Armed Scout Biplane Prototype


United Kingdom | 1915



"Of peculiar design, the Royal Aircraft Factory BE.9 was proposed with a gunners nacelle ahead of the spinning propeller blades - just one prototype was completed."

Power & Performance
Those special qualities that separate one aircraft design from another. Performance specifications presented assume optimal operating conditions for the Royal Aircraft Factory BE.9 Armed Scout Biplane Prototype.
1 x Royal Aircraft Factory (RAF) 1a V8 air-cooled engine developing 90 horsepower driving four-bladed wooden propeller at the nose (ahead of the pilot, aft of the gunner) in tractor arrangement.
Propulsion
84 mph
135 kph | 73 kts
Max Speed
7,497 ft
2,285 m | 1 miles
Service Ceiling
149 miles
240 km | 130 nm
Operational Range
225 ft/min
69 m/min
Rate-of-Climb
Structure
The nose-to-tail, wingtip-to-wingtip physical qualities of the Royal Aircraft Factory BE.9 Armed Scout Biplane Prototype.
2
(MANNED)
Crew
29.0 ft
8.85 m
O/A Length
41.0 ft
(12.50 m)
O/A Width
11.5 ft
(3.50 m)
O/A Height
Armament
Available supported armament and special-mission equipment featured in the design of the Royal Aircraft Factory BE.9 Armed Scout Biplane Prototype .
PROPOSED:
1 x 0.303 caliber (7.7mm) Lewis Gun in forward gunner's nacelle.
Variants
Notable series variants as part of the Royal Aircraft Factory BE.9 family line.
BE.9 - Base Series Designation.


Authored By: Staff Writer | Last Edited: 10/23/2020 | Content ©www.MilitaryFactory.com | The following text is exclusive to this site; No A.I. was used in the generation of this content.

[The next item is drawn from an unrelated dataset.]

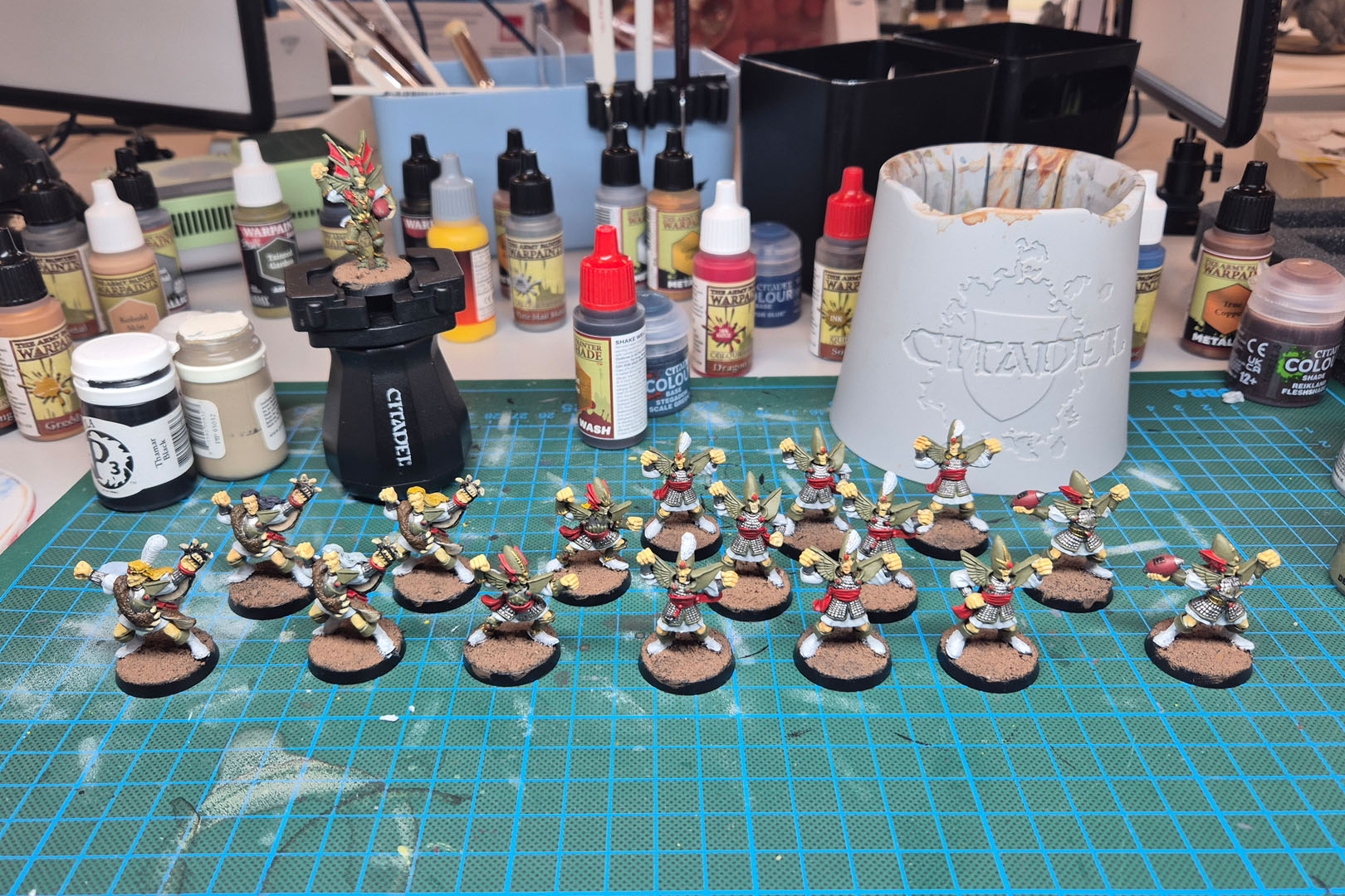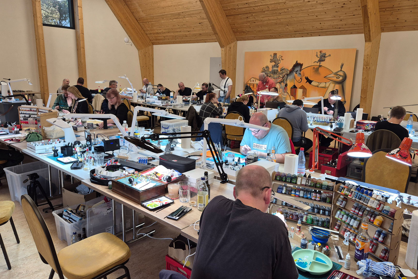 There were just under 35 of us and we found plenty of space in the knight's barn. The large tables and generous lighting created a good atmosphere even before we had unpacked our things. We painted, sculpted, primed and rebuilt, and took the opportunity to exchange ideas. Creative block? Not here! We asked our neighbours at the table, and we were able to continue. This is something I have always appreciated about painting sessions, and I am enjoying it very much here again.

The proposed Royal Aircraft Factory BE.9 biplane armed scout prototype attempted to remedy the ability of British fighters to engage forward targets without synchronization gear (which still had to be perfected for British fighters in 1915). Synchronization allowed weapons to be fired through spinning propeller blades, giving a considerable advantage to combatants against less flexible designs. The Royal Aircraft Factory's work in the field resulted in a rather unorthodox arrangement in which the gunner was sat in a separate nacelle ahead of both the engine (including spinning propeller!) and pilot (his position aft of the engine proper).

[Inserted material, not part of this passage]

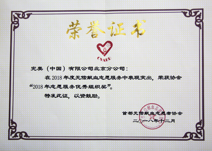 完美北京分公司荣获“2018年志愿服务优秀组织奖”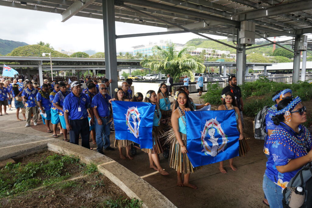 “May this festival be a testament to the beauty and resilience of our cultures,” a member of the delegation said. “In the Marshall Islands they dropped 67 nuclear weapons. They destroyed our way of life, they relocated our people, and yet we still have our culture, we still have our language, we’re still here!”

The end-product proved too ungainly to be taken seriously and the design did not materialize beyond a single prototype.

In the early years of the war, there proved no effective means of firing bullets through spinning propeller blades for the allies despite countless experiments and the optimal arrangement, therefore, became the "pusher" prop style in which the engine and propeller were positioned aft of the pilot, allowing the pilot (or accompanying gunner/observer) to engage forward targets with front-mounted weaponry. This was effective up to a point but, as tractor/puller technology eclipsed performance of trailer/pusher types, the need grew for a more effective gunnery solution - hence the BE.9 prototype.

Engineers of the Royal Aircraft Factory took an existing twin-seat (tandem), single-engine BE.2c multirole biplane and added a unarmored, boxey structure ahead of the propeller. At this position was added the machine gun and seating for a dedicated machine gunner. The original observer's position in the fuselage was deleted, the engine now taking its place.

The two of crew sat a considerable distance away from one another, no doubt reducing verbal (and even visual) communications between the two. The pilot's open-air cockpit was near midships with the gunner's position at the extreme nose of the aircraft. The tail used a single rudder fin approach with low-mounted horizontal planes. For ground-running, a tail-dragger configuration was used that included braced, wheeled main legs under the forward mass of the aircraft and a simple, pivoting skid under the tail.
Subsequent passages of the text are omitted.